On Wed, 30 Apr 2008, J. Bruce Fields wrote:

> On Tue, Apr 29, 2008 at 07:21:02PM -0400, david m. richter wrote:
> > On Tue, 29 Apr 2008, J. Bruce Fields wrote:
> > 
> > > On Tue, Apr 29, 2008 at 01:54:54PM -0700, Andrew Morton wrote:
> > > > On Tue, 29 Apr 2008 11:42:48 +0800
> > > > "Bryan Wu" <cooloney@kernel.org> wrote:
> > > > 
> > > > > Hi folk,
> > > > > 
> > > > > This days I am digging into this LTP bug reported on our Blackfin test
> > > > > machine, but I think it is general for other system.
> > > > > https://blackfin.uclinux.org/gf/project/uclinux-dist/tracker/?action=TrackerItemEdit&tracker_id=141&tracker_item_id=3743
> > > > > 
> > > > > And I also found Kumar Gala reported this similar bug before.
> > > > > http://lkml.org/lkml/2007/11/14/388
> > > > > 
> > > > > 1, when opening and creating a new on ramfs/tmpfs, the dentry->d_count
> > > > > will be added one as below:
> > > > > --
> > > > > ramfs_mknod(struct inode *dir, struct dentry *dentry, int mode, dev_t dev)
> > > > > {
> > > > > |_______struct inode * inode = ramfs_get_inode(dir->i_sb, mode, dev);
> > > > > |_______int error = -ENOSPC;
> > > > > 
> > > > > |_______if (inode) {
> > > > > |_______|_______if (dir->i_mode & S_ISGID) {
> > > > > |_______|_______|_______inode->i_gid = dir->i_gid;
> > > > > |_______|_______|_______if (S_ISDIR(mode))

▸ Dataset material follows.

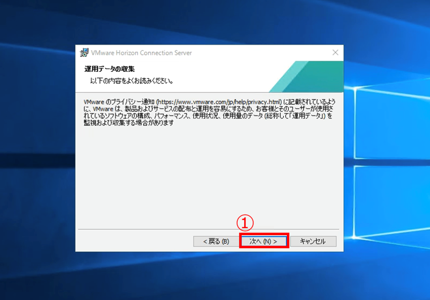 10. 運用データの収集についての画面が表示されます。 [次へ] をクリックします。 |

> > > > > |_______|_______|_______|_______inode->i_mode |= S_ISGID;
> > > > > |_______|_______}
> > > > > |_______|_______d_instantiate(dentry, inode);
> > > > > |_______|_______dget(dentry);|__/* Extra count - pin the dentry in core */
> > > > > |_______|_______error = 0;
> > > > > |_______|_______dir->i_mtime = dir->i_ctime = CURRENT_TIME;
> > > > > |_______}
> > > > > |_______return error;
> > > > > }
> > > > > --
> > > > > The dget(dentry) call introduces an extra count, why?

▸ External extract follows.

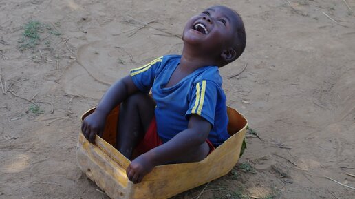 Мадагаскар — очень молодая страна, дети тут составляют половину всего населения. Каждые 36 секунд на свет появляется новый житель Мадагаскара (а умирает только один раз в три минуты), а всего на одну женщину приходится больше пяти рождений. Несмотря на ужасающую бедность, дети — везде дети, всегда веселы и беззаботны. Особенно, когда у тебя есть вот такие "саночки" из старой канистры и туристы в ожидании парома тебя в них катают. Понятно, что игрушки у тебя будут только те, что ты сам сделаешь...

> > > > > it is the same in tmpfs.
> > > > 
> > > > Because those dentries have no backing store.  Their sole existance is in
> > > > the dentry cache which is normally reclaimable.  But we can't reclaim these
> > > > dentries because there is nowhere from where they can be reestablished.
> > > > 
> > > > > 2, when calling  fcntl(fd, F_SETLEASE,F_WRLCK), it will return -EAGAIN
> > > > > --
> > > > > |_______if ((arg == F_WRLCK)
> > > > > |_______    && ((atomic_read(&dentry->d_count) > 1)

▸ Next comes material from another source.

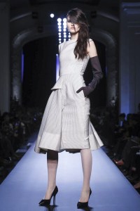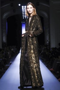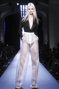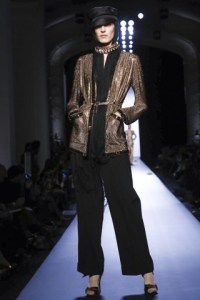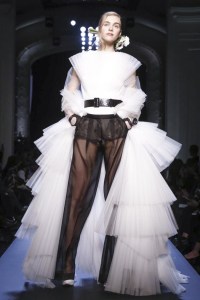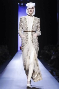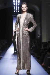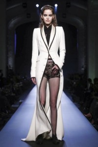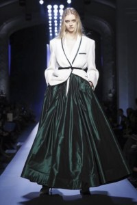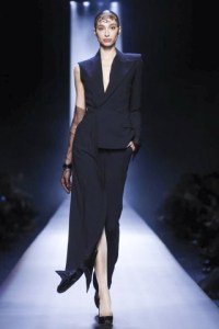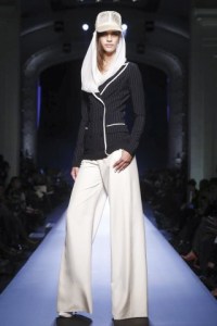 Bagpipe music, dark lighting, and sailor inspired looks all debuted at the new Jean Paul Gaultier Fall/Winter 2015 couture collection in homage to Bretagne, a region in France still full of tradition.

> > > > > |_______|_______|| (atomic_read(&inode->i_count) > 1)))
> > > > > |_______|_______goto out;
> > > > > --
> > > > 
> > > > Sucky heuristic.
> > > 
> > > Yes.
> > > 
> > > > 
> > > > > because the dentry->d_count will be 2 not 1. I tested ext2 on Blackfin, it is 1.
> > > > > 
> > > > > 3, so I guess maybe the dget(dentry) of ramfs_mknod is useless. But
> > > > > after remove this dget(),
> > > > > the ramfs can not be mounted as rootfs at all.
> > > > 
> > > > Interesting.  Presumably it got reclaimed synchronously somehow.
> > > > 
> > > > > Is the bug in generic_setlease() or in the ramfs/tmpfs inode create function?
> > > > > 
> > > > > Of course, simply remove the test '((atomic_read(&dentry->d_count) >
> > > > > 1)' can workaround this issue.
> > > > 
> > > > I guess we should make the generic_setlease() heuristic smarter.
> > > > 
> > > > Of course the _reason_ for that heuristic is uncommented and lost in time. 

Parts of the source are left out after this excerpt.